Unregulated use of Python

This one caused all sorts of nightmares. Seurat tries to call Python via reticulate to do various things (e.g., run UMAP). The problem is that reticulate will try to install Miniconda if it can't detect that Python is present. Moreover, once a reticulate-managed Miniconda is installed, reticulate will use that Miniconda's Python to the exclusion of all other Pythons that might be available - even if a user explicitly asks for another specific version of Python with, e.g., use_condaenv(). (You need to use required=TRUE to force it to use your requested version of Python, but this is not the default.)
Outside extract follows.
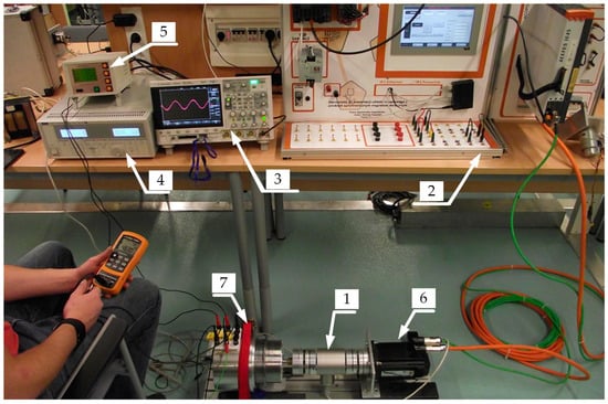 The test stand: 1—torque sensor, 2—drive control system, 3—oscilloscope, 4—programmable power supply, 5—measured interface of torque meter, 6—servo motor, 7—prototype motor.
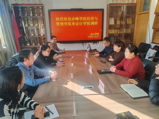 12月21日下午,赤峰学院经济与管理学院党总支书记李布和一行5人到kaiyun开云官方网站调研。kaiyun开云官方网站院长李西文、学院副院长杨国莉、会计系主任黄秋敏、会计系副主任李献国、学院教务办主任蒋琳参加会议。

The result of this is that other people's reticulate code was broken, even in R sessions that didn't use Seurat at all. I was willing to give the developers some initial benefit of the doubt, as this behavior is more a problem of reticulate than anything else. But once it was clear what was happening, one would have hoped that Seurat would have stopped depending on Python like that. The proper way to do it would be to use something like https://bioconductor.org/packages/devel/bioc/html/basilisk.html to provision a dedicated Python environment that doesn't break users or other packages in a persistent manner. And again, they would have been able to get this if they were part of Bioconductor.

Inefficiencies

I don't really know or care that Seurat is inefficient, that's their problem. But somehow the take-home message has mutated into "R is not efficient for single-cell analysis", which is certainly not true - I can analyze 300,000 cells on my laptop with 16 GB RAM by using Bioconductor code, see https://osca.bioconductor.org/hca-human-bone-marrow-10x-genomics.html for an example. Perhaps this perception is a factor in the migration of users to Python, and in particular the scanpy framework; which is a shame, as I believe that R offers a superior environment for interactive analysis than Python. (That is not to say that I am against R/Python integration; indeed, I am actually looking forward to stronger integration with well-written Python code via reticulate and basilisk, where the use of Python is fully transparent and hidden inside typical R function calls.)

Conclusions

I ranted a bit there, but that's the perspective from a package developer. They might also impact end-users, they might not; for example, you don't have to particularly care about version changes and upddates if you're using Docker to control your environment. I'll leave it to you to figure out whether any of the points above might impact your work.

With the transition of monocle3 to use the SingleCellExperiment, it really just remains for Seurat to migrate over and we will achieve unification of the entire R single-cell analysis stack. Version 4, perhaps.

Thank you so much for such a detailed response Dr. Lun! That was incredibly interesting and informative. As someone from a statistics background who is trying to follow software dev best practices when writing code & developing analytical frameworks, this sort of detailed background info is exactly the type of thing I like to read about & learn from.